A. J. Pitman weds Miss M. E. Powell

 
The Cartersville Express
Cartersville, Georgia
May 13, 1874, Page 3
 
Transcribed by:  
 

Stilesboro Dots.

HYMENEAL. – “And they were marrying and giving in marriage, even down to the day” of Thursday evening, 7th inst., 4 o’clock, p. m., when Mr. A. J. PITMAN, of Alabama. And Miss M. E. POWELL, originally of Alabama, but recently of Bartow county, Georgia, launched their united destiny on a smooth sea of matrimonial bliss.  “The course of true love may not have run smooth” in a thousand other instances, but in this, its smoothness and unruffled felicity, manifested by buoyant hearts, sparkling eyes, playful smiles and rich repartee, is almost without parallel.

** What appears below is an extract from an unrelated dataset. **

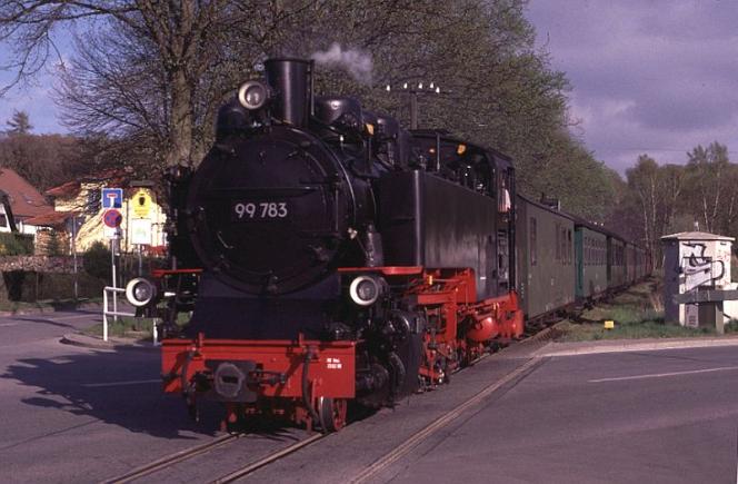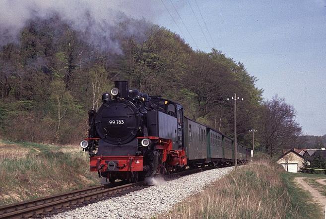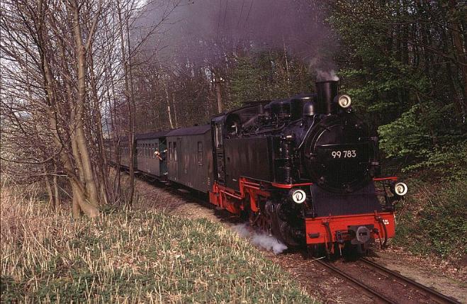 | The rural theme is further emphasised by the sight of No.99-783 as it climbs up through the woods on the approach to Garftitz |

Just at 4 o’clock, p. m. your gallant, commanding looking livery-man, Capt. Thompson, with handsome phaeton, carriage, and fine span of horses, landed the matrimonial party, consisting of the bridegroom, accompanied by three other fine looking young men from Alabama, and one from your own city, as attendants, at the residence of Mrs. Capt. Cary, where everything was in readiness, and arranged with elegance and taste.  The attendants were Capt. Feagin, of Alabama, and Miss E. Stovall; Mr. Jelks, of Alabama, and Miss C. Stovall; Mr. P. S. Shelman and Miss Hyer; Mr. R. Shelman and Miss Sayre, of Adairsville.

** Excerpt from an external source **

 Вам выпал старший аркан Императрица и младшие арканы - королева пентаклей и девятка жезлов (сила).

The ceremony ended, congratulations extended, and many kisses passed amid smacking lips and “wish you much joy,” the guests were all assembled around a table of luxuries, of elegance and taste, beggaring all description.  Suffice it to say that Mrs. Cary had prepared it, and all who know the lady may form some idea; and Charley Shelman’s finest sweetest, best strawberries were there in abundance, swimming in cream, sugar, jelly, and all such luxuries as made them super-excellent, and all who know Charley know what sort of berries he has.  With Charley Shelman to raise, and Mrs. Cary to prepare, we challenge the world on the strawberry dish.  As well might one, in a blooming Eden, seek to pluck the prettiest flower, or amid the sweet melody of music and song, attempt to catch the sweetest note or sound, as to discriminate among the luxuries and splendor of the festive board.  The bride’s cake was a thing of beauty, trimmed with a golden basket, filled with beautiful flowers, white lilies and jasmines, fit emblems of purity—“apples of gold in pictures of silver.”  Oh, what a perfect, seeming “touch-me-not,” but oh! How we did touch it, though; for there were “a few more left of the same sort.”

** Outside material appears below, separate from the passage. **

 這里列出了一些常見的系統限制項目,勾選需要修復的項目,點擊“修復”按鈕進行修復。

Our good brother and esteemed friend, Col. Ryals was there too, and we have seen his eyes sparkle and his face shine with delight before, but never to surpass that occasion.  The beaming countenances of the gallant young groomsmen. Witnessing the unspeakable joy of the groom, clearly betrayed the swelling emotion of each heart –“Oh, how I do wish it was I,” while the smiling, mischievous looking lasses by their sides, as clearly responded, “Well, why don’t you? Here we are!”  We predict that this is not the last of this thing; that other flowers will be plucked from the garden of Georgia girlhood, and transplanted to bloom on Alabama soil.  These Alabama boys are bound to come back; and unless they are stove up in their proposals, they will be Stove all into better understandings.  Some young man is just as sure to get higher (Hyer) as that flowers bloom, strawberries ripen, and croquet balls are knocked and rolled.  This croquet business is an inevitable prelude to fairer games.  The Alabama “Captain with the whiskers” was constantly taking sly glances at one by his side, who lives near the bridge.  Oh, how convenient that bridge may yet be.  So look out, Georgia boys!  And play for even in this grab game.

At 5:30 the bridal party left, under charge of Capt. Thompson, to meet the 7 o’clock night train; and if the Captain didn’t turn over, he landed in style, as happy a couple and company as ever passed through your city, “gwine to Alabama.”